◆ **SUPPLIED DATA**
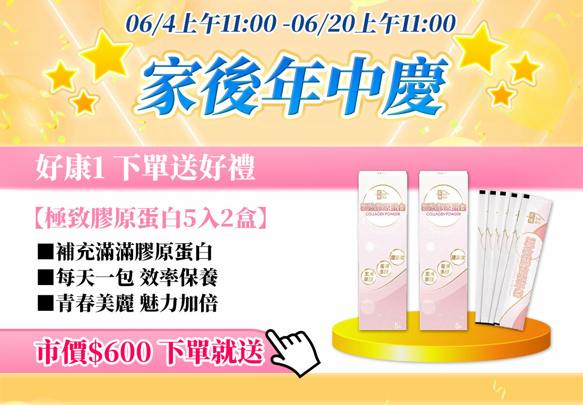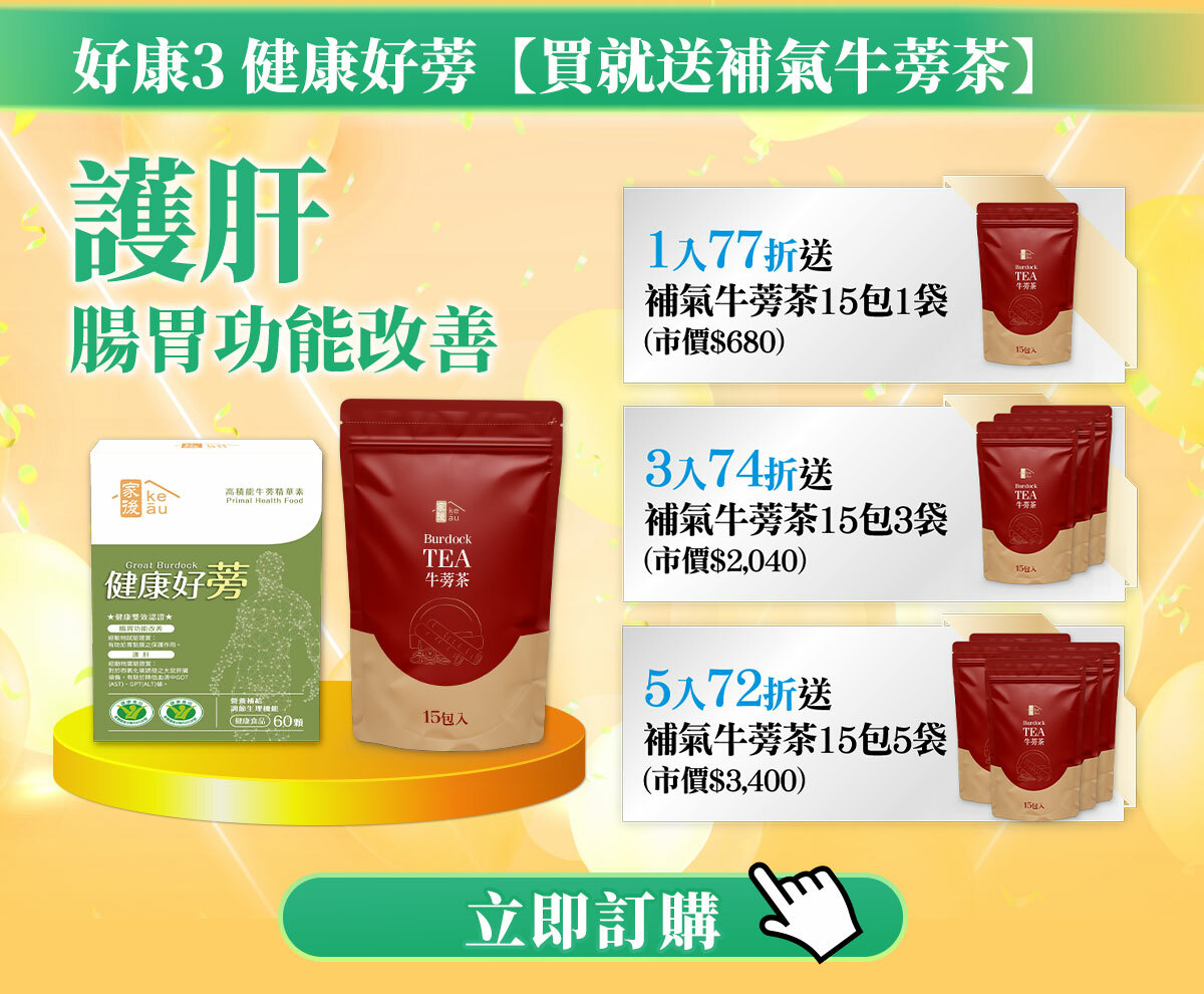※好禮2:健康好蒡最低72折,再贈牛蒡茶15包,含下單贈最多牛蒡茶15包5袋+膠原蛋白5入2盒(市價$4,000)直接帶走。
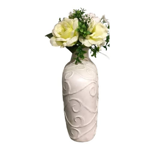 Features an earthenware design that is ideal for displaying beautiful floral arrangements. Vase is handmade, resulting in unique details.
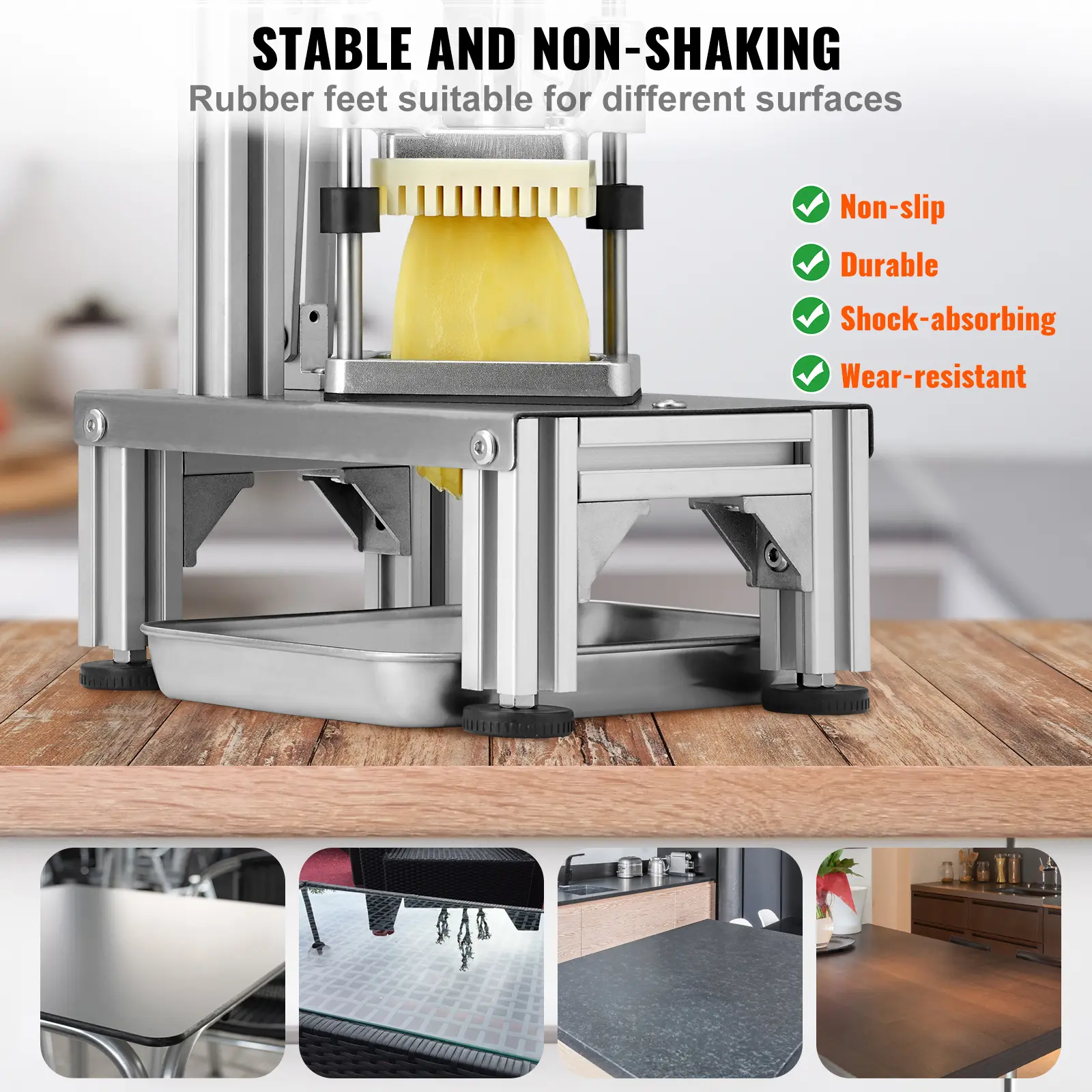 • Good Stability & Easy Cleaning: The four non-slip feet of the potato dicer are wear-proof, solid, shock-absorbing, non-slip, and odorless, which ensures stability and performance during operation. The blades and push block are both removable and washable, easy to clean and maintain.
...
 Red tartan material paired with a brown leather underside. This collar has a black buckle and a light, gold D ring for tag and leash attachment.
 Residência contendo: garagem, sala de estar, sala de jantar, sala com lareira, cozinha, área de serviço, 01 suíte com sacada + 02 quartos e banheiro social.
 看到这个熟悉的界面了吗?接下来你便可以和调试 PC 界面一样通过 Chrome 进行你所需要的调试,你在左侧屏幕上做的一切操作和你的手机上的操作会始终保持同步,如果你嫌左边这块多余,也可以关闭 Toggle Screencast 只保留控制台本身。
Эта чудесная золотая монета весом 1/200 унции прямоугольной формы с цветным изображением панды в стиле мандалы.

◆ **EXERCISE DETAILS**
One stretch of the lines above is wanted, from the line that contains "看到这个熟悉的界面了吗?接下来你便可以和调试 PC 界面一样通过" through the line that contains "Эта чудесная золотая". Output it exactly.

◆ **REPLY TO THE EXERCISE**
 看到这个熟悉的界面了吗?接下来你便可以和调试 PC 界面一样通过 Chrome 进行你所需要的调试,你在左侧屏幕上做的一切操作和你的手机上的操作会始终保持同步,如果你嫌左边这块多余,也可以关闭 Toggle Screencast 只保留控制台本身。
Эта чудесная золотая монета весом 1/200 унции прямоугольной формы с цветным изображением панды в стиле мандалы.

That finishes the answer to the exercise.